Extracted material:

- Opening Delimiter -

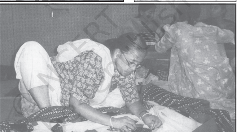
Different Types of Work

physical effort, which has as its objective the production of goods and services that cater to human needs.
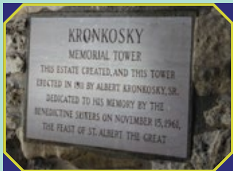
The new Monastery is built around the renowned Kronkosky Tower
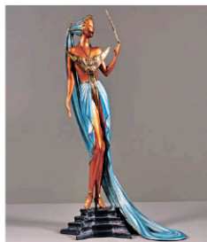
ROMAIN (ERTE) DE TIRTOFF (1892-1990) $800-1,200
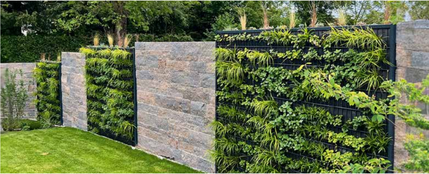
The RANKO Pflanzengabione is available with planting on one or both sides (depth approx. 20 cm or 30 cm).
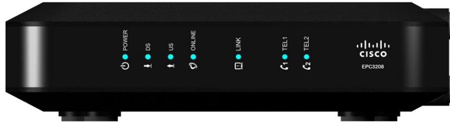
Table 1. Front Panel Features
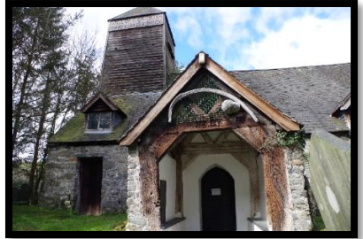
History seems to seep out of every turn of the paths in the Dyfi valley. But what is this on the Mallwyd Church porch? Find out on the tour!
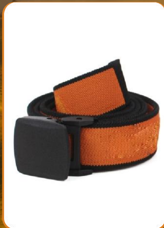
Stealth Flexible Belt – 100% Polyester Fabrics, All YKK Accessories
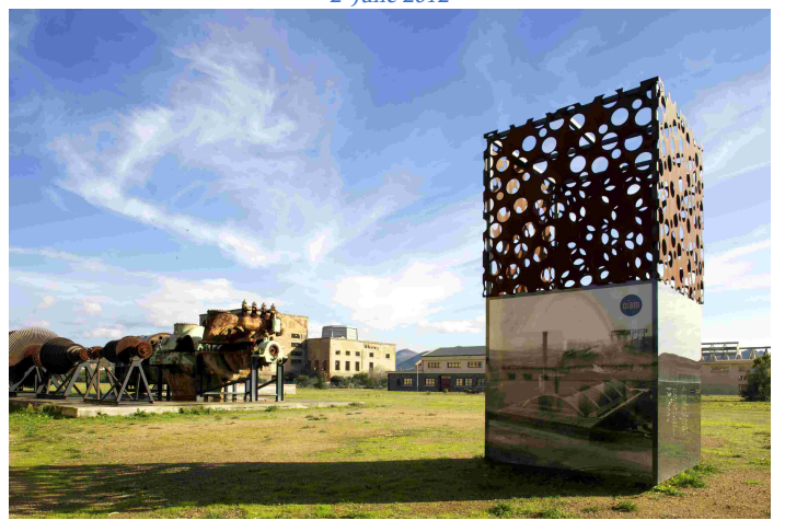
Carbonia, Sardinia, 4-5 June 2012 Study visit, 3 June 2012

Document prepared by the Landscape, Cultural Heritage and Spatial Planning Division Democratic Governance, Culture and Diversity Directorate – Council of Europe
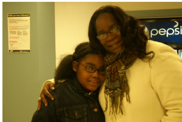
Annual Holiday Party
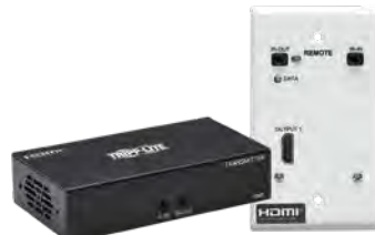
HDMI to HDMI
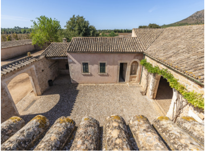
View of the patio
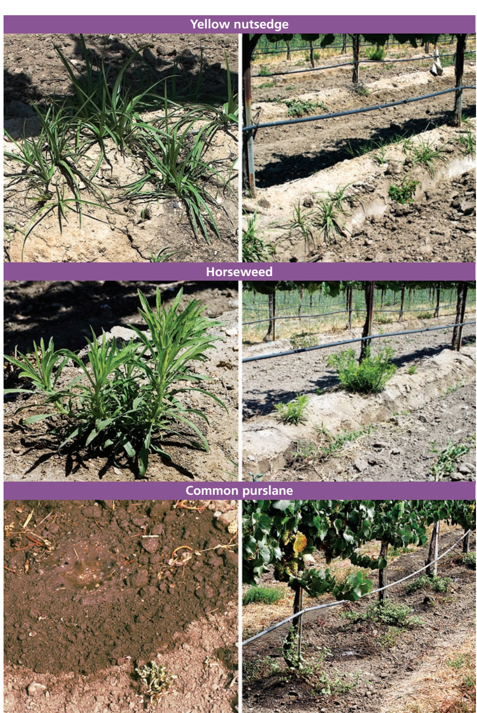
To assess the effectiveness of various vineyard floor management strategies, the authors compared pre- and post-emergence herbicide treatments with cultivation in the rows, and several different cover crops in the middle. The primary weeds in the Monterey County vineyard were yellow nutsedge, horseweed and common purslane.

^{\circ} Values within a column followed by the same letter are not different (Fisher's protected LSD test, \alpha = 0.05).

- Closing Delimiter -

Exercise requirements:
Where pictures appear in the records, leave them out; output everything else exactly.

Expected answer:
Different Types of Work

physical effort, which has as its objective the production of goods and services that cater to human needs.
The new Monastery is built around the renowned Kronkosky Tower
ROMAIN (ERTE) DE TIRTOFF (1892-1990) $800-1,200
The RANKO Pflanzengabione is available with planting on one or both sides (depth approx. 20 cm or 30 cm).
Table 1. Front Panel Features
History seems to seep out of every turn of the paths in the Dyfi valley. But what is this on the Mallwyd Church porch? Find out on the tour!
Stealth Flexible Belt – 100% Polyester Fabrics, All YKK Accessories
Carbonia, Sardinia, 4-5 June 2012 Study visit, 3 June 2012

Document prepared by the Landscape, Cultural Heritage and Spatial Planning Division Democratic Governance, Culture and Diversity Directorate – Council of Europe
Annual Holiday Party
HDMI to HDMI
View of the patio
To assess the effectiveness of various vineyard floor management strategies, the authors compared pre- and post-emergence herbicide treatments with cultivation in the rows, and several different cover crops in the middle. The primary weeds in the Monterey County vineyard were yellow nutsedge, horseweed and common purslane.

^{\circ} Values within a column followed by the same letter are not different (Fisher's protected LSD test, \alpha = 0.05).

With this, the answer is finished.